→ Description of the task
No pictures belong in the copy. Set down exactly the lines from the one that contains "廃品回収のお願い 2021 11/14" through the end of the data.
Material for this task: Begin
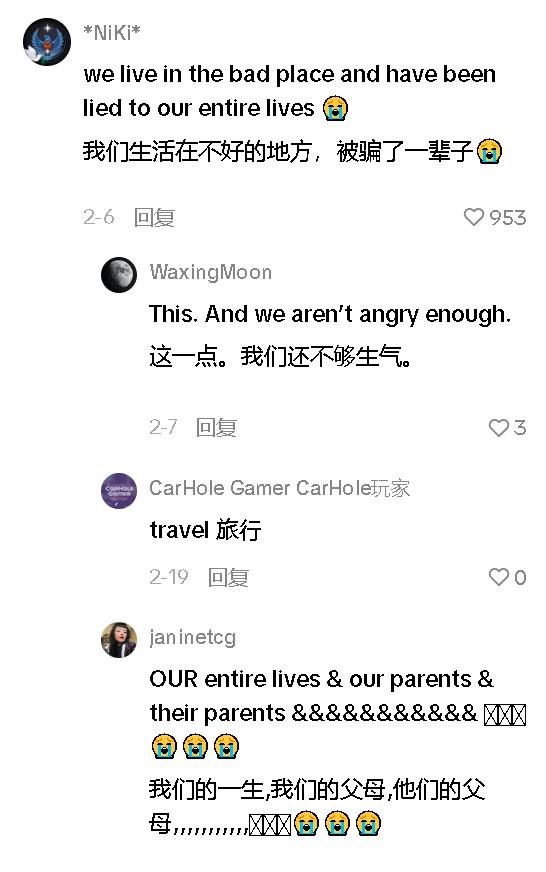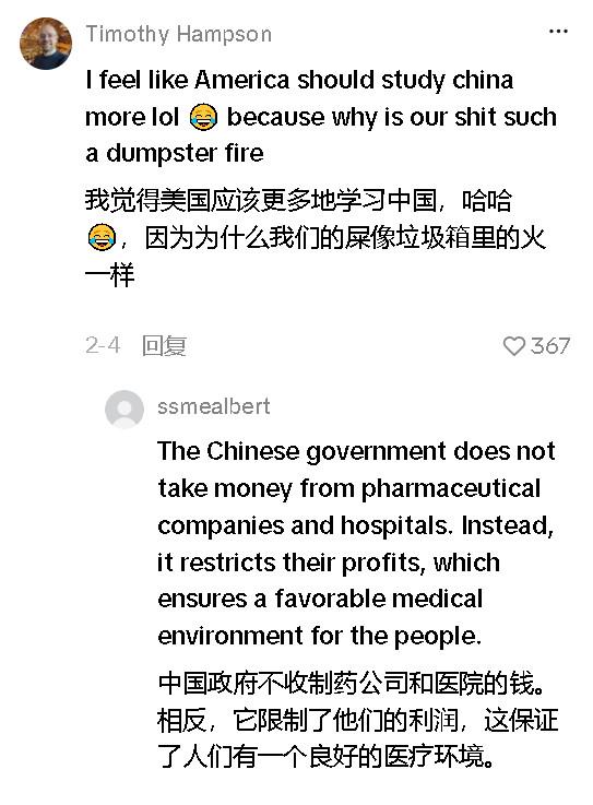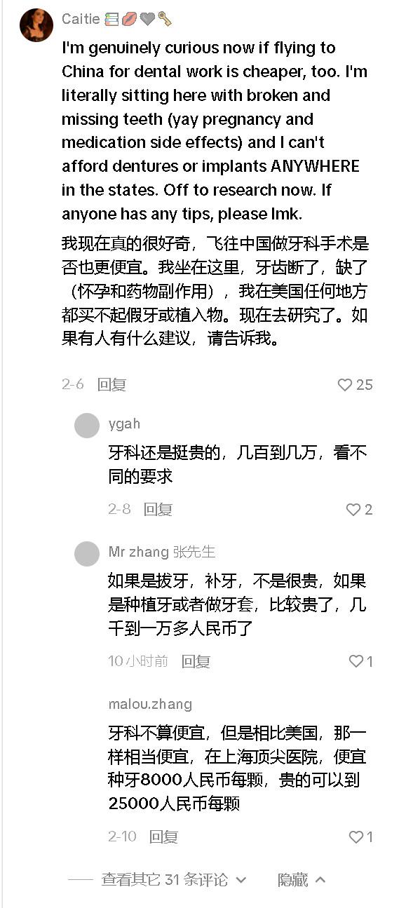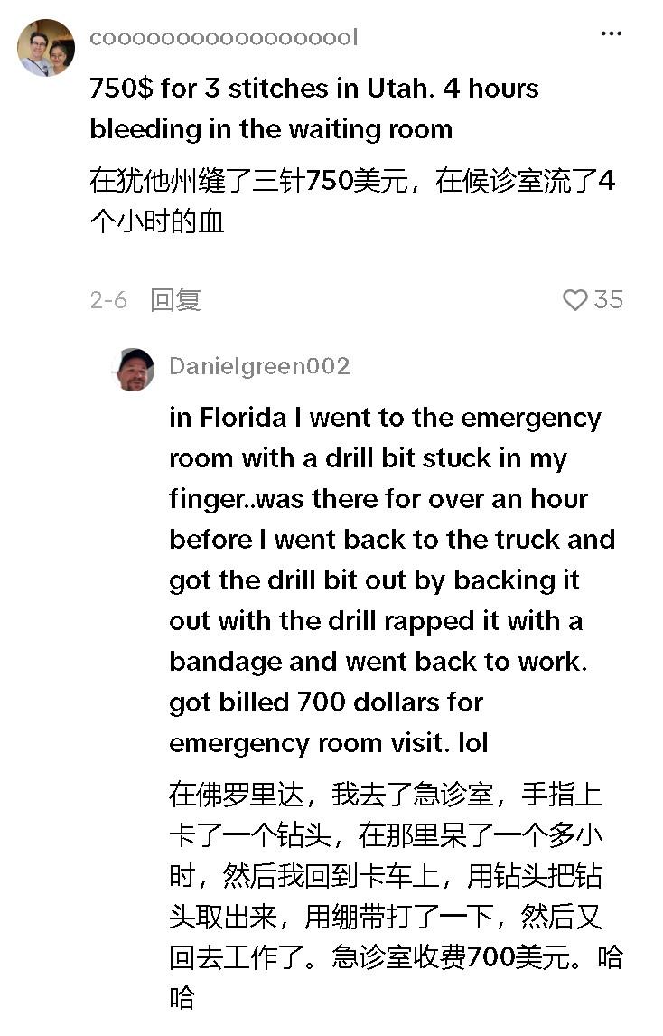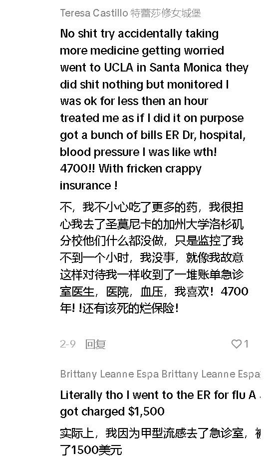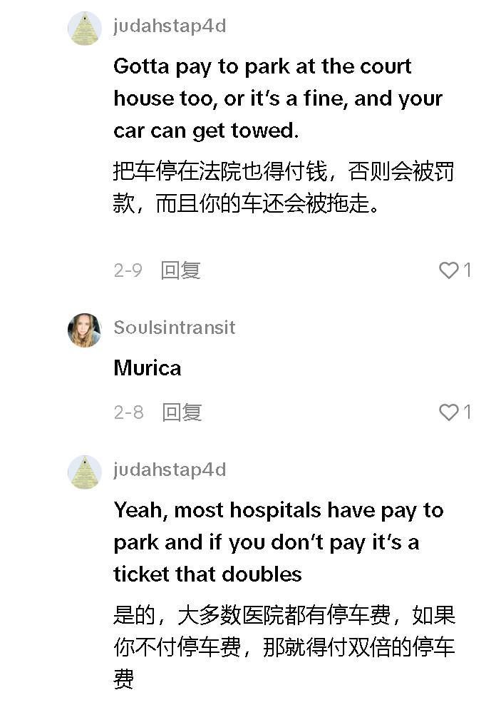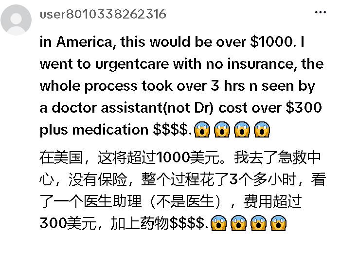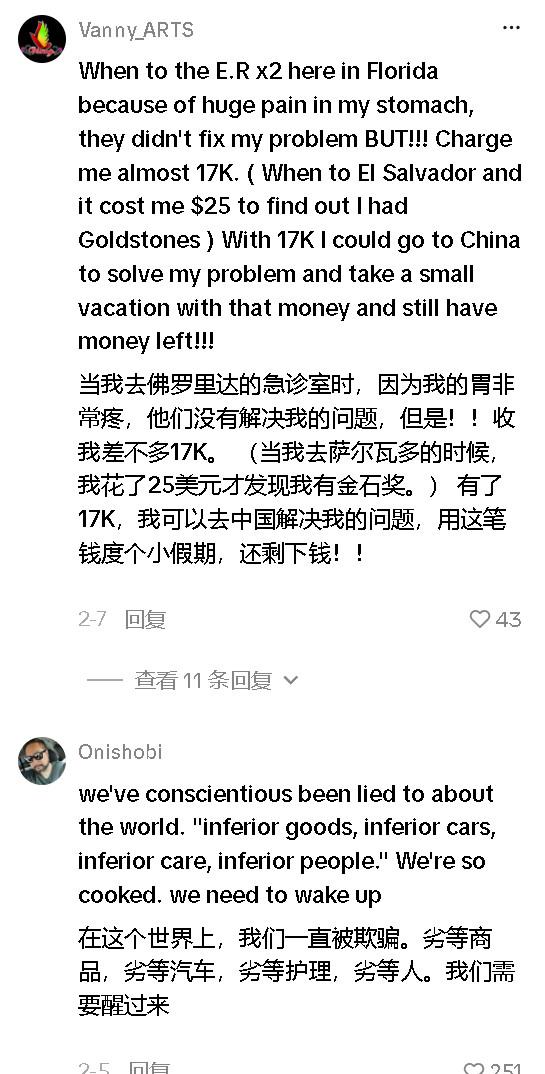 “停车30分钟最低收费12美元”……美国民众现身说法,美国生存成本高到离谱。   在洋抖上一个美国女性宣传自己来华看病的视频下方,有许多美国人留言评论:   “在德克萨斯州的休斯顿(的一个医院),仅仅30分钟的自助停车就需要12美元起”。   “把车停在法院也得付钱,否则会被罚款,而且你的车还会被拖走”。   “大多数医院都要付停车费,如果你不付停车费,那就得付双倍的停车费”。   “A:我咳嗽一次就被收了1500美元”。   “B:往返中国一次要花1200美元”。   “C:就当享受假期”。   “D:太便宜了,兄弟,我朋友晕了叫了救护车,医院收了他3000,他们只给了他一杯佳得乐”。   “E:我有次不小心服药过量,我很担心,就去了圣莫尼卡的加州大学洛杉矶分校医院,他们什么都没做,只是观察了我不到一个小时,我没事,然后我收到了一堆账单……4700美元! 还有该死的烂保险!”。   “F:我因为甲型流感去了急诊室,被收取了1500美元”。   还有美国民众调侃说:“请把这个(去天朝看病)做成超级碗广告(老美最大最有影响力的赛事)”,底下评论纷纷附和。   “我们生活在不好的地方,我们被骗了一辈子”。   “是的!我们被骗了;这叫做宣传。其目的是保持我们现有的制度”。   “去年我是美国人,看到这么好的国家到处都是我们没有的东西,我感到很尴尬”。   还有个可怜的女士正在被医疗问题困扰,她寻求建议说:“我现在真的很好奇,飞往天朝做牙科手术是否也更便宜?我坐在这里,牙齿断了,缺了(怀孕和药物副作用),我在美国任何地方都买不起假牙或植入物。如果有人有什么建议,请告诉我。”下面天朝民众纷纷留言给她出主意。   “我去佛罗里达急诊,因为我的胃非常疼,他们没有解决我的问题,但是收了我差不多17000美金, 当后来我去萨尔瓦多,花了25美元才发现有胃结石。有这17000美元,我可以去天朝解决我的问题,用这笔钱度个小假期,还能有多余的钱!”   “在犹他州缝了三针750美元,在候诊室流了4个小时的血”。   “在佛罗里达,我去了急诊室,手指上卡了一个钻头,在那里呆了一个多小时(没排到号),然后我回到卡车上,(自己)用钻头把钻头取出来,用绷带打了一下,然后又回去工作了。急诊室收费700美元。哈哈”   “我需要根管和牙冠。在芝加哥,牙医要价2500。我去了西班牙的塞维利亚,一切都办好了,加上机票,花费不到1400美元”   总之太多了,老表们自己去看吧。
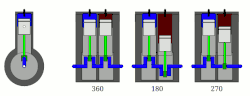 - 180° crankshaft: This configuration has primary balance but an uneven firing order and a rocking couple;[5] also, the secondary imbalances are half as strong (and at twice the frequency) compared with a 360° straight-twin engine.
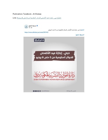 Publication: Facebook – Al Khaleej Link: # وينوي 8 ىتح 5 نم ةيموكحلا رئاودلل ىحضلأا ديع ةزاجإ ..يبد |لجاع
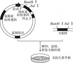 质粒中含有四环素抗性基因和氯霉素抗性基因,而四环素抗性基因中含有限制酶删除BamHI和 SalI的酶切位点,用限制酶BamHI和SalI处理质粒会破坏四环素抗性基因,而氯霉素抗性基因完整。使用限制酶BamHI和SalI处理质粒和X基因,连接后转化大肠杆菌,并涂布在无抗生素的平板上。在此基础上,若要进一步筛选含目的基因的菌株,则需要在平板中添加氯霉素,能够生长的菌落可能含有重组质粒或空质粒,再用无菌绒布轻盖在已长好菌落的原培养基上,然后不转动任何角度,“复印”至新的培养基上,即用影印法将其添加到含四环素的培养基中,在含有四环素的培养基中不能正常生长的菌落由含目的基因的菌株。
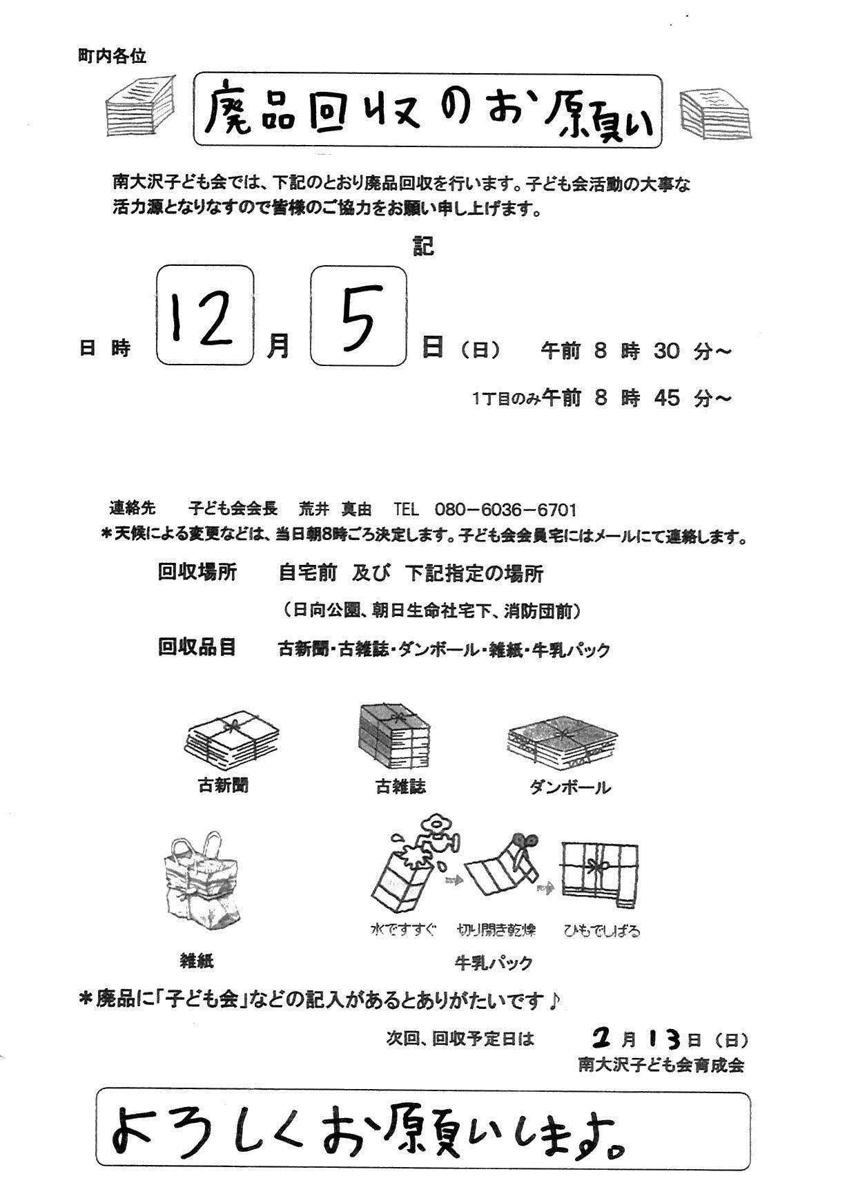 廃品回収のお願い 2021 11/14 お知らせ 2021年11月14日 お知らせ よかったらシェアしてね! URLをコピーしました! URLをコピーしました! 市長と語る めぐって 遊んで トクして 南大沢を楽しもう! 関連記事 4/18(土)19:00~ 定期総会開催のお知らせ(南大沢町会) 2026年4月12日 七頭舞を踊る会 会員募集のお知らせ(七頭舞を踊る会) 2026年4月12日 【注意喚起!!】侵入盗(空き巣)事件が発生しています(南大沢町会) 2026年4月5日 民生委員・児童委員が訪問調査を実施します(八王子市) 2026年4月5日 [報告]柚子の実会×おひさま広場コラボイベント『じいじばあばと昔あそび』を開催(南大沢町会) 2026年4月3日 3/28(土) 10:00~16:00 [観覧歓迎]銭湯絵師・中島盛夫さんと一緒に富士山を描こう!(joynみなみおおさわ、学生団体Bloomy)※実施レポート追記(4/3) 2026年3月27日 三井アウトレットパーク南大沢B街区建替え工事予定のお知らせ(三井不動産株式会社) 2026年3月26日 [町会員情報]令和8年度 会館利用スケジュールを掲載しました。(南大沢町会) 2026年3月26日
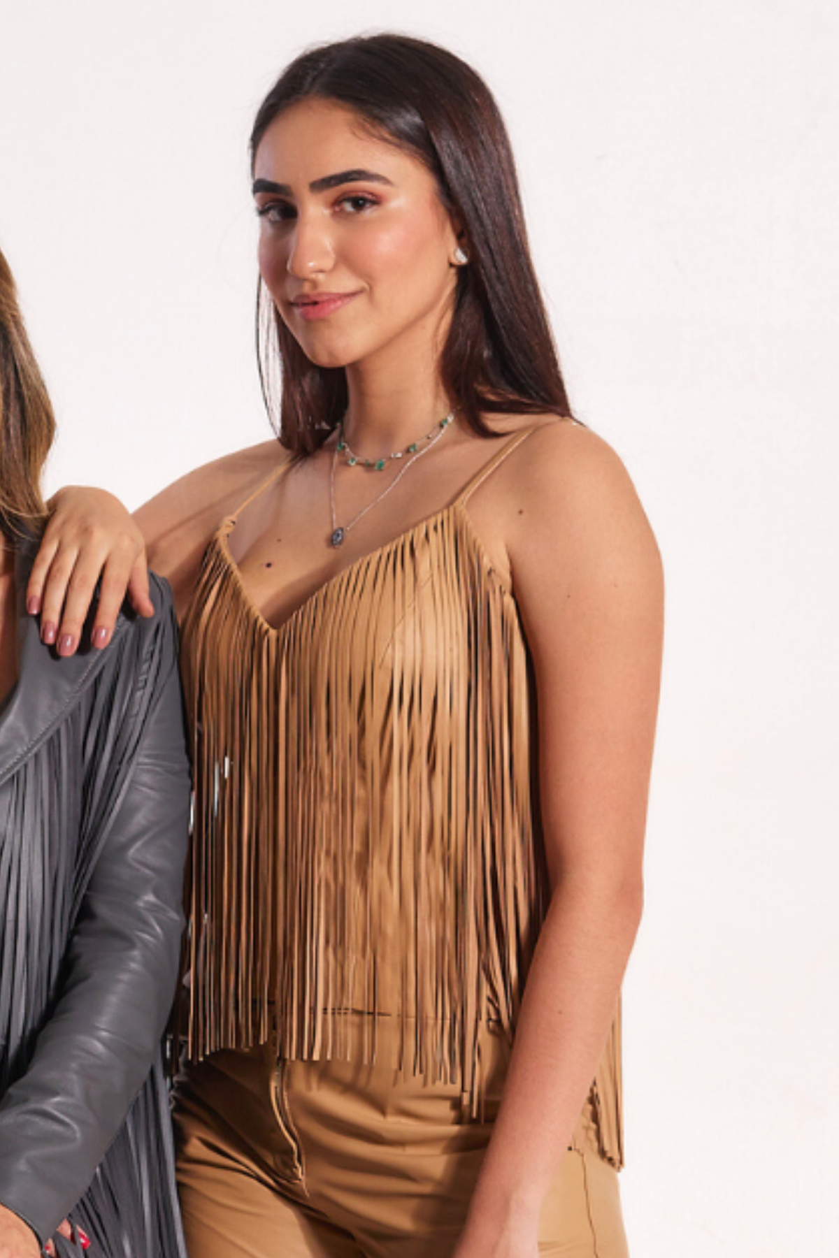 Regata de Couro Pelica com Franjas - Lorena | Bege
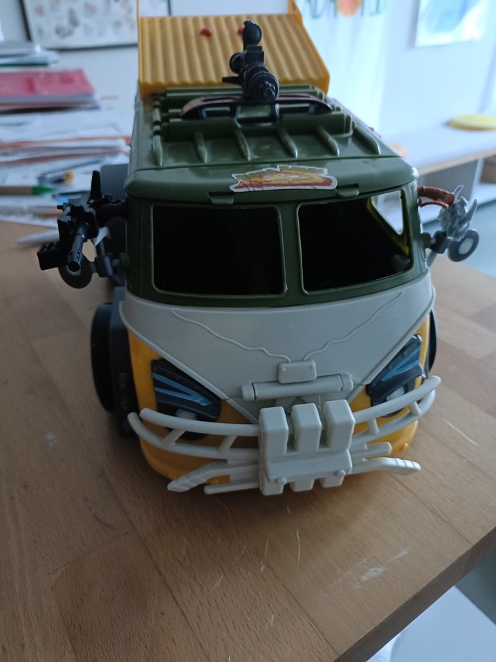 Ninja Kaplumbağalar, Party Vagon TMNT araç. Gri ve deve tüyü renklerinde, üzerinde silah detayları ve sağlam ön koruma ızgarası bulunur.
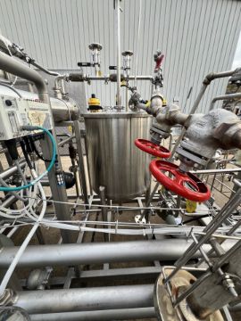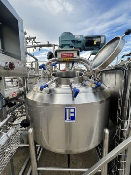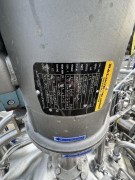 with Scott 7.5 hp / 3450 rpm Top Mounted Turbon Mixer, Mounted on Load Cells with Read Out, with (2) Enerquip 5 ft & 4 ft L S/S Heat Exchangers, S/N 12156 & 12153, (2) Alfa Laval 19” H Plate Heat Exchangers, Model M3-FG, (2) Fristam 15 hp & 1.5 hp Centrifugal Pumps, Aprox. 50 Gal. S/S Buffer Tank, with Related Valves by Alfa Laval, Signal, Kammer, Filters, Diaphragm Pump, Acid Holding Tank, Related Piping, Control Cabinet with Allen Bradley 1776 PLC Controller, Power Flex 70 VFD, 480V, (Note: Touch Pad Display Missing), (Aprox. Overall Dims. 183” L x 90” W x 115” H) (RIGGING AND LOADING FEE: $2,000.00)
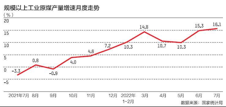 隨著俄烏沖突影響世界能源形勢、加劇進口煤炭供給端的不確定性,國際煤價居高不下,國內(nèi)煤炭增產(chǎn)成為保供的關(guān)鍵。國家統(tǒng)計局的信息顯示,1~7月,生產(chǎn)原煤25.6億噸,同比增長11.5%;進口煤炭13852萬噸,同比下降18.2%。
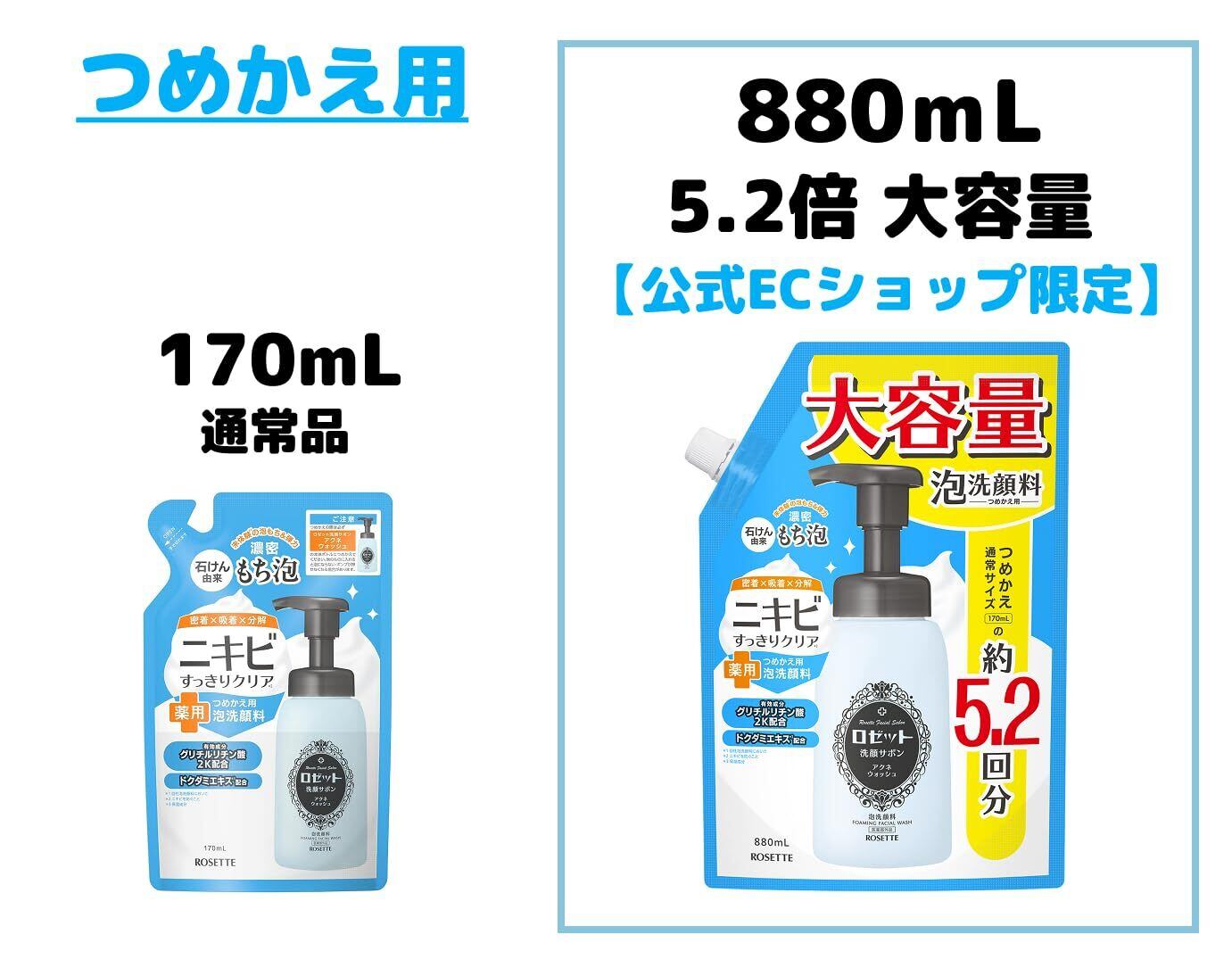 ロゼット洗顔サボン アクネウォッシュ つめかえ 880mL 【公式ショップ限定大容量5.2回分】 泡洗顔 薬用 ニキビ
Material for this task: End
→ Written response
 廃品回収のお願い 2021 11/14 お知らせ 2021年11月14日 お知らせ よかったらシェアしてね! URLをコピーしました! URLをコピーしました! 市長と語る めぐって 遊んで トクして 南大沢を楽しもう! 関連記事 4/18(土)19:00~ 定期総会開催のお知らせ(南大沢町会) 2026年4月12日 七頭舞を踊る会 会員募集のお知らせ(七頭舞を踊る会) 2026年4月12日 【注意喚起!!】侵入盗(空き巣)事件が発生しています(南大沢町会) 2026年4月5日 民生委員・児童委員が訪問調査を実施します(八王子市) 2026年4月5日 [報告]柚子の実会×おひさま広場コラボイベント『じいじばあばと昔あそび』を開催(南大沢町会) 2026年4月3日 3/28(土) 10:00~16:00 [観覧歓迎]銭湯絵師・中島盛夫さんと一緒に富士山を描こう!(joynみなみおおさわ、学生団体Bloomy)※実施レポート追記(4/3) 2026年3月27日 三井アウトレットパーク南大沢B街区建替え工事予定のお知らせ(三井不動産株式会社) 2026年3月26日 [町会員情報]令和8年度 会館利用スケジュールを掲載しました。(南大沢町会) 2026年3月26日
 Regata de Couro Pelica com Franjas - Lorena | Bege
 Ninja Kaplumbağalar, Party Vagon TMNT araç. Gri ve deve tüyü renklerinde, üzerinde silah detayları ve sağlam ön koruma ızgarası bulunur.
 with Scott 7.5 hp / 3450 rpm Top Mounted Turbon Mixer, Mounted on Load Cells with Read Out, with (2) Enerquip 5 ft & 4 ft L S/S Heat Exchangers, S/N 12156 & 12153, (2) Alfa Laval 19” H Plate Heat Exchangers, Model M3-FG, (2) Fristam 15 hp & 1.5 hp Centrifugal Pumps, Aprox. 50 Gal. S/S Buffer Tank, with Related Valves by Alfa Laval, Signal, Kammer, Filters, Diaphragm Pump, Acid Holding Tank, Related Piping, Control Cabinet with Allen Bradley 1776 PLC Controller, Power Flex 70 VFD, 480V, (Note: Touch Pad Display Missing), (Aprox. Overall Dims. 183” L x 90” W x 115” H) (RIGGING AND LOADING FEE: $2,000.00)
 隨著俄烏沖突影響世界能源形勢、加劇進口煤炭供給端的不確定性,國際煤價居高不下,國內(nèi)煤炭增產(chǎn)成為保供的關(guān)鍵。國家統(tǒng)計局的信息顯示,1~7月,生產(chǎn)原煤25.6億噸,同比增長11.5%;進口煤炭13852萬噸,同比下降18.2%。
 ロゼット洗顔サボン アクネウォッシュ つめかえ 880mL 【公式ショップ限定大容量5.2回分】 泡洗顔 薬用 ニキビ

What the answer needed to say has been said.